Creating separate index for each language is not a good solution for my case, because I've got milions of documents and every one of them contains fields in more than one language + a number of language independent fields. That means I would end up having heavily duplicated data in every index.

Thanks in advance

Paweł Młynarczyk

You received this message because you are subscribed to the Google Groups "elasticsearch" group.
To unsubscribe from this group and stop receiving emails from it, send an email to elasticsearch+unsubscribe@googlegroups.com.
For more options, visit https://groups.google.com/groups/opt_out.

--
You received this message because you are subscribed to the Google Groups "elasticsearch" group.
To unsubscribe from this group and stop receiving emails from it, send an email to elasticsearch+unsubscribe@googlegroups.com.
For more options, visit https://groups.google.com/groups/opt_out.


(Paweł Młynarczyk) #3

Thanks for your reply.

You suggest creating a multi field equivalent of the '_all' field, but
isn't that a waste to analyze all the language dependant data with every
analyzer?

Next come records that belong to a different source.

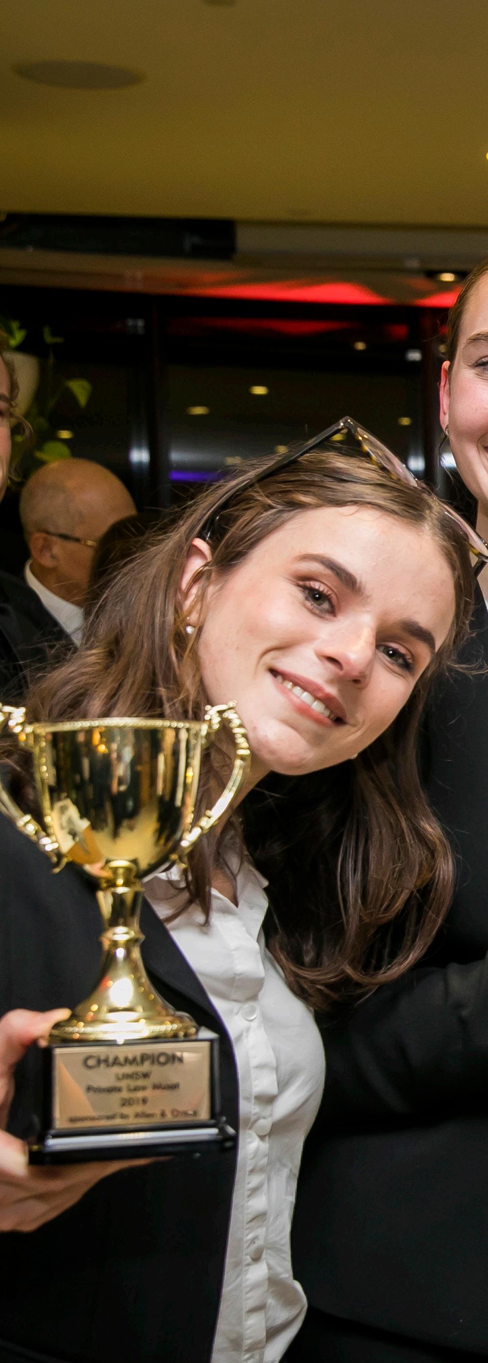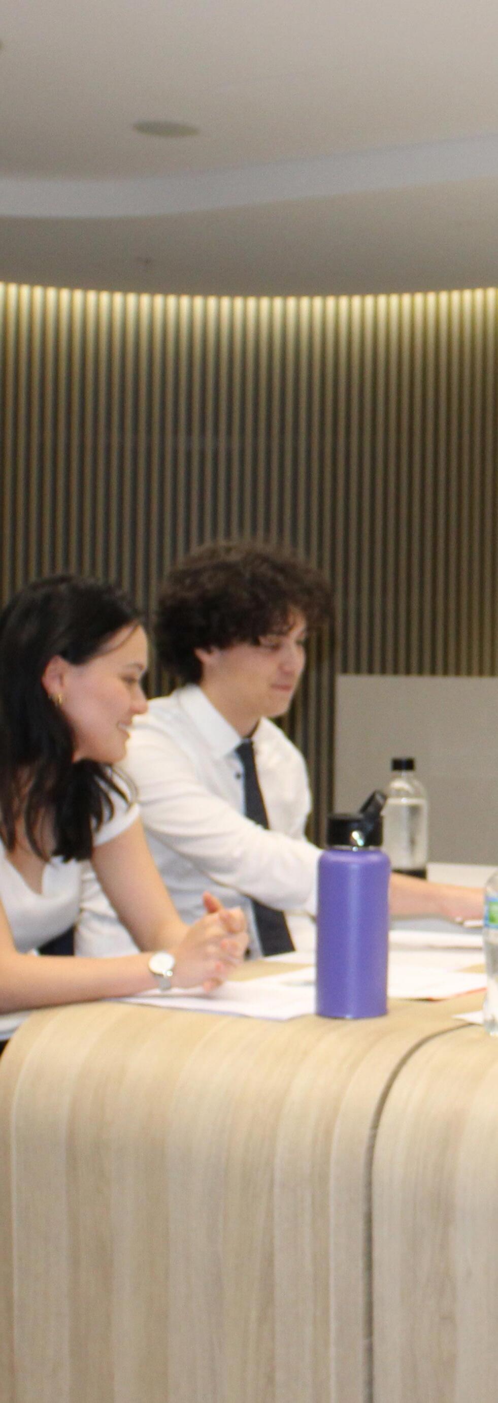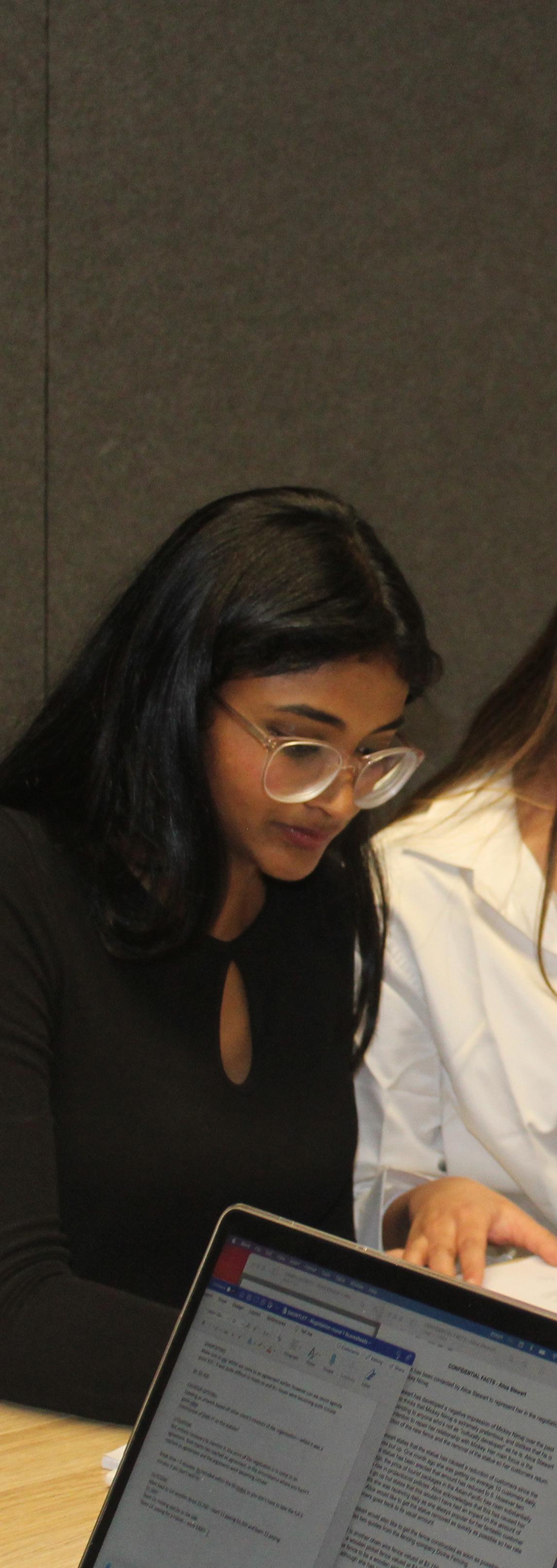 What separates good competitors from great ones? There is one trait that all great mooters have in common, and that is attending the Mooting Mentoring Program. Many might suggest it’s strong speaking ability, ironclad written submissions, or even holding it together under pressure, but no - studies have shown that participation in the MMP, and EVERY Junior Moot, directly correlates with the most grand legacies in Mooting. But really, if you’re a first or secondyear law students, Mooting can do wonders for your journey through your law degree. You will find yourself becoming an eloquent speaker, an effective legal researcher, a fierce debater, and you will bolster your academic success by practically applying your studies in this fun and competitive opportunity. You will also make some extremely valuable personal and professional connections. Mooting really is an opportunity that, once you give it a go, you will never look back. I look forward to meeting many of you in the big year ahead for Junior Mooting!
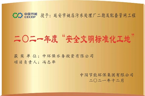 一年之内三次获评“安全文明标准化工地”,展现了延安项目公司深入贯彻落实习近平总书记关于安全生产重要论述以及安全发展理念的突出成果,树立了中环水务在安全生产管理领域的标杆形象,为中国节能和中央企业赢得了荣誉!
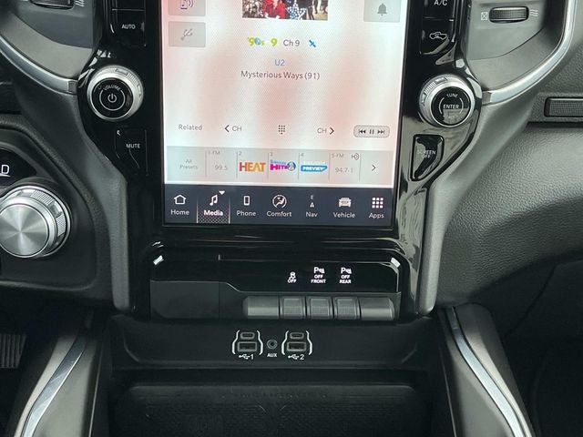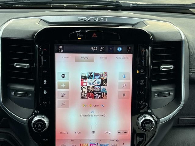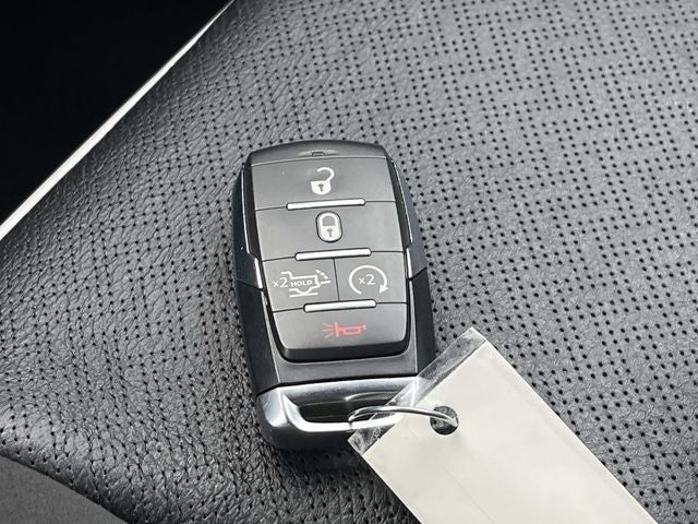 The interior of this Ram 1500 Laramie is equally impressive, with black leather-trimmed bucket seats, a power-adjustable driver's seat with memory, and heated front and rear seats for unparalleled comfort. The Uconnect 5 navigation system with a 12-inch display keeps you connected and informed, while the premium audio system with 10 speakers delivers an immersive listening experience.
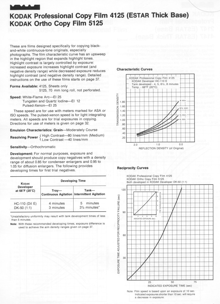The exotic developer is HC-110 (Dil E). This film was used indoors, I used it at tungsten settings, EI:12. It was also used as a lab film, in darkroom using enlarger light. Read the guidance about exposure and control of highlights. That is why it could be used in a masking system, and in duplicate negative making, although, I used dupe negative film for that: made it a one-step process.
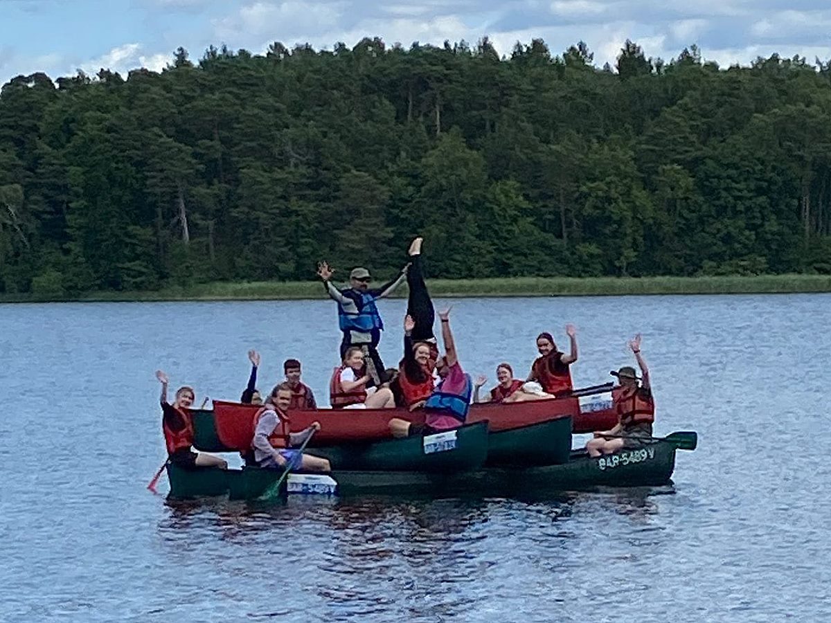 Am Donnerstag stand nun die große Überprüfung an, auf die wir uns durch tägliche Übungseinheiten gut vorbereitet hatten. Wir wurden in vier Kategorien überprüft: Technik, Parcours, Zeitrennen gegeneinander und Kentern. Mit der Überprüfung endete unser „Kanu-Abenteuer“ und zum Abschluss bildeten wir mit allen vorhandenen Kanus eine Pyramide auf dem Wasser für ein gelungenes Abschlussfoto. Danach wurden die Kanus abgeholt und wir haben uns auch auf unsere Abreise vorbereitet.

I mean if I would create that kind of custom '_all' field and put
there aggregated data from all the language dependant fields, than I would
end up having X '_all' fields (where X is the number of languages) right?
Additionaly would I have any option to boost a particular, more important
field? (In my case, every language have more than 1 field and some of them
are more important)

Paweł Młynarczyk

W dniu piątek, 8 listopada 2013 17:51:41 UTC+1 użytkownik David Pilato
napisał:

I would not use _all field for that but I would probably disable it and
the use multifield type on your "content" field.
Probably one sub field per language.

See:
http://www.elasticsearch.org/guide/en/elasticsearch/reference/current/mapping-all-field.html

http://www.elasticsearch.org/guide/en/elasticsearch/reference/current/mapping-multi-field-type.html

HTH

--
David Pilato | Technical Advocate | Elasticsearch.com
@dadoonet https://twitter.com/dadoonet | @elasticsearchfrhttps://twitter.com/elasticsearchfr

8 novembre 2013 at 16:40:23, Paweł Młynarczyk (zwa...@gmail.com<javascript:>)
a écrit:

Hi

I've got a multilingual documents to index. I want to create a full text
search, so the first thing on my mind was to use string query with the _all
field. The problem is that the _all field has it's own analyzer, so the
fields specific analyzers are not used (data is not analyzed properly). Is
there a way to use field's aproppriate analyzer when copying data to _all
instead of just reanalyzing it with the _all's analyzer?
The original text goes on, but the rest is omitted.